Przeczytałam ostatnio wypowiedź kardiologa, autora książki „Wheat Belly” – Williama Davisa.
Zdałam sobie sprawę, że w sumie jest to bardzo duży problem. Oranizacje zdrowia oraz media już wiele lat temu rozpowszechniali pogląd, mówiący o tym jak bardzo niezdrowe są tłuszcze dla naszego organizmu. Do ludzi nie dotarła niestety wiadomość, że chodzi głównie o tłuszcze nienasycone (które per saldo są potrzebne organizmowi). Znam wiele osób dbających o swoje zdrowie, ćwiczących, które unikają tłuszczy jak tylko mogą. Nie jadają wołowiny czy wieprzowiny, tłustych ryb (o zgrozo!), olejów czy oliwy, jogurty tylko z zawartością tłuszczu 0-0,5%, sery również.

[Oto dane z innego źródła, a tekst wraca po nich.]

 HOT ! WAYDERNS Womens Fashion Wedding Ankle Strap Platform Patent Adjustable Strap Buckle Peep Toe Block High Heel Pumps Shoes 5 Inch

Dzięki temu zboża można było teraz propagować pod pretekstem „troski o zdrowie”, a konkretnie „wojny z tłuszczem i cholesterolem”.
Ludzie nie zdają sobie sprawy z tego, że zastępują tłuszcz innymi produktami zbożowymi. Tymczasem potwierdzone jest, że niskotłuszczowa dieta oparta na zbożach wpędza ludzi w chorobę, a chorym nie pozwala wyzdrowieć, zwiększając jedynie ich zależność od lekarstw. Hipoteza strachu przed dietą tłuszczowo – cholesterolową nosi miano epidemii.

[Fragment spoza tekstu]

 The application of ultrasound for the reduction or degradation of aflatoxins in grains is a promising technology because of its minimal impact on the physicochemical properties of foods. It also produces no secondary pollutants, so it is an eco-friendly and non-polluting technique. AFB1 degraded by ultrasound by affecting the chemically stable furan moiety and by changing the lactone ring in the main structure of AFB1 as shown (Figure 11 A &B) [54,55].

Ludzie wyrzekają się zdrowych tłuszczów, a nasyconych nie spożywają w ogóle, albo minimum. Zrezygnowali z mięs, wyrobów mleczarskich, wybierają ewentualnie wersje light (jogurt 0% tłuszczy z 15 gramami cukru na 100 g…).
Całkowite zrezygnowanie z tłuszczów nasyconych jest bardzo złą metodą dla utrzymania zdrowia. Tłuszcz nasycony oraz cholesterol w nich zawarty jest niezbędny do funkcjonowania organizmu (tak, tak, w jajach również), jest nam bardzo potrzebny chociażby dla budowania osłonek mielinowych neuronów w mózgu, produkcji niektórych hormonów (estrogen, progesteron, testosteron – dlatego również osoby chorujące na anoreksje przestają miesiączkować), syntezie witaminy D.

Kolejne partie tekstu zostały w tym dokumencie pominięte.